The Court also noted that Code Sec. 408(d)(3)(I) permits IRS, in its discretion, to waive the 60-day requirement under certain circumstances, following the instructions of Rev Proc 2003-16, 2003-1, C.B. 359. It said that, as a result, Alexander would be free to pursue that relief with IRS, but not in the Tax Court.
Was there a loan? Alexander's second line of defense was that the distribution was a permissible loan from the IRA account, and not a distribution. This the Tax Court found implausible.
The Court also warned Alexander that this argument fell into the realm of "be careful what you wish for." Code Sec. 408(e)(2) provides that if the individual for whom the IRA was created, or his beneficiary, engages in a transaction prohibited by Code Sec. 4975, such as a lending between a disqualified person and the plan, the account will no longer be treated as an IRA as of the first day of the tax year. And, under Code Sec. 408(e)(2)(B), the IRA would be treated as having distributed all of its assets to the distributee in that year.
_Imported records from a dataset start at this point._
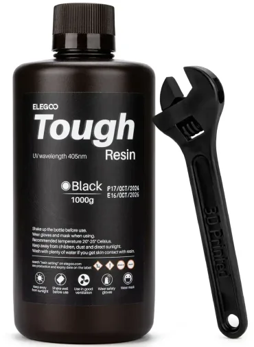 Фотополімерна смола ELEGOO Tough Resin 1 кг, чорна (артикул 50.103.0271) — високоміцний матеріал для 3D-друку, розроблений для LCD/DLP/MSLA-принтерів із довжиною хвилі 405 нм. Смола відрізняється підвищеною стійкістю до ударів: затверділі деталі можна свердлити, гнути і піддавати механічним навантаженням без появи тріщин і деформації. Завдяки гнучкості деталі при деформації легко повертаються до вихідної форми, а висока стійкість до ударів робить матеріал оптимальним вибором для виготовлення функціональних конструкцій, інженерних прототипів, тримачів, корпусів та кріплень.
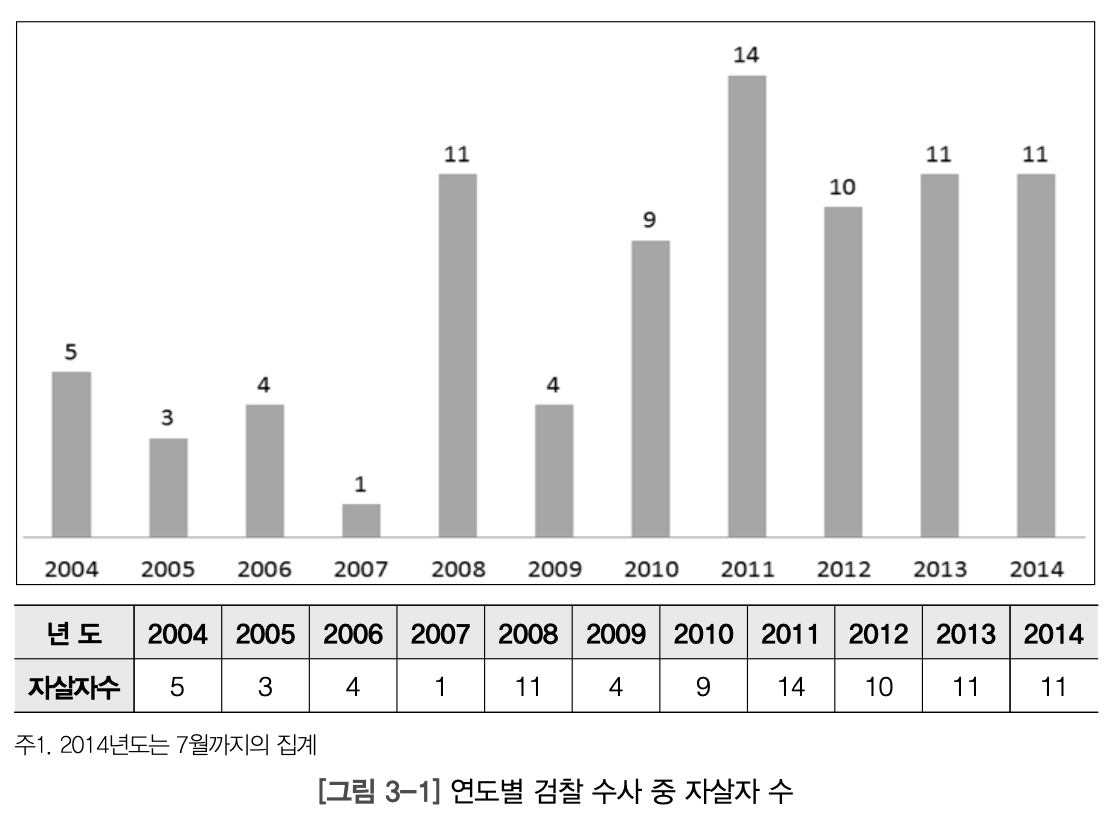 2014년 한국형사정책연구원에서 발간한 '검찰 수사 중 피조사자의 자살 발행 원인 및 대책 연구'에 따르면, 2004년부터 2014년 상반기까지 검찰 수사 중 자살자 수는 83명에 이른다. 특히 2011년부터는 매년 10명 이상이 검찰 수사 중 극단적 선택을 한다.
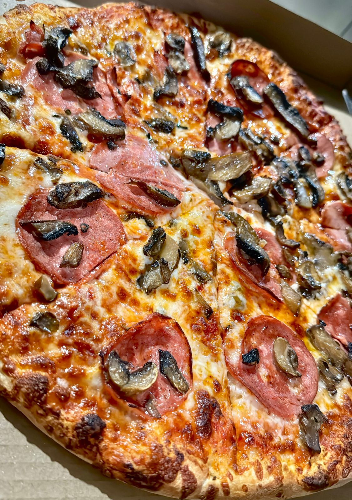 Salsa de tomate, mozzarella peperoni, jamon de pavo y champiñones.
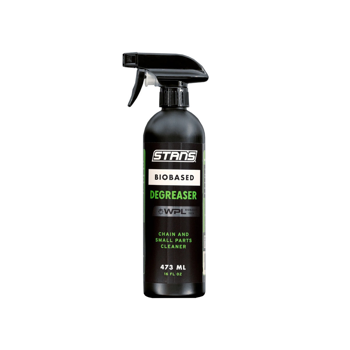 And, if you overshoot the target, Stan’s Biobased Degreaser is safe for all materials including carbon fiber, titanium, aluminum, steel, chrome, rubber, and plastic. Stan’s Biobased Degreaser will keep your drivetrain clean and the planet less dirty.

Thus, while the Court concluded that Alexander had not borrowed from his IRA, had he done so, the Court said, the entire IRA value would have been taxable, not just the distribution.
Additional 10% tax for early withdrawal. Code Sec. 72(t)(1) imposes a penalty tax on an early distribution from a qualified retirement plan, like an IRA, equal to 10% of the portion of the amount that is includable in gross income. The Court determined that IRS had been correct in assessing that tax. None of the enumerated exceptions set forth in Code Sec. 72(t)(1) applied.